Re: Re: Re: [PATCH] mm/memory-failure: don't allow to unpoison hw corrupted page

From: zhenwei pi
Date: Mon Jun 06 2022 - 03:25:13 EST




On 6/6/22 12:32, HORIGUCHI NAOYA(堀口 直也) wrote:
On Sun, Jun 05, 2022 at 12:24:24PM +0800, zhenwei pi wrote:


On 6/5/22 02:56, Andrew Morton wrote:
On Sat, 4 Jun 2022 18:32:29 +0800 zhenwei pi <pizhenwei@xxxxxxxxxxxxx> wrote:

Currently unpoison_memory(unsigned long pfn) is designed for soft
poison(hwpoison-inject) only. Unpoisoning a hardware corrupted page
puts page back buddy only, this leads BUG during accessing on the
corrupted KPTE.

Thank you for the patch.
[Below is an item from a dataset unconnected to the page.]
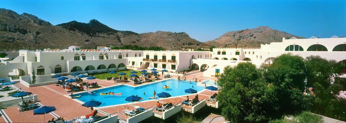 ok. 500 m od centrum KOLYMBII z barami, tawernami, sklepami i słynną Aleją Eukaliptusową, ok. 5 km od Seven Springs, ok. 30 km od miasta Rodos i Lindos; ok. 27 km od portu lotniczego na Rodos; przystanek autobusowy przed hotelem (Rodos, Lindos/ok. 3,5 EUR, plaża Tsambika/ok. 2 EUR).
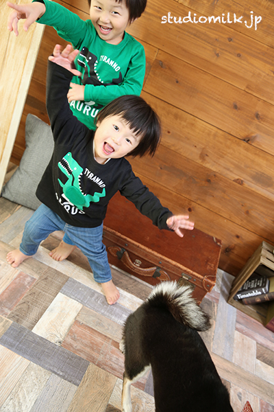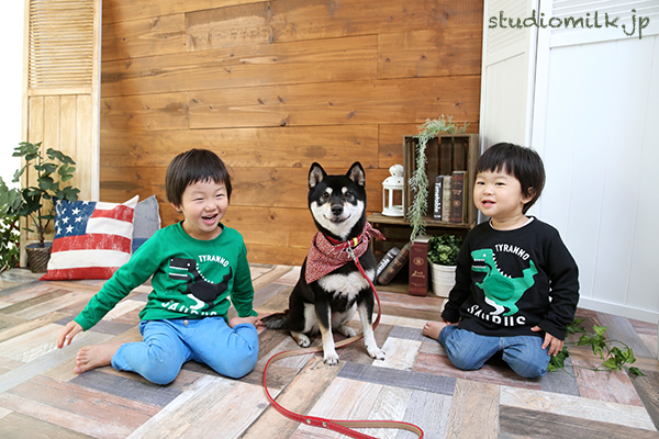 ワンちゃんも2人の女の子のお兄ちゃん、妹2人をしっかり守ってね♡

I think this will be helpful for integration testing.

You mention "hardware corrupted page" as the condition of this bug, and I
think that it means a real hardware error, but this BUG seems to be
triggered when we use mce-inject or APEI (these are also software injection
without corrupting the memory physically). So the actual condition is
"when memory_failure() is called by MCE handler"?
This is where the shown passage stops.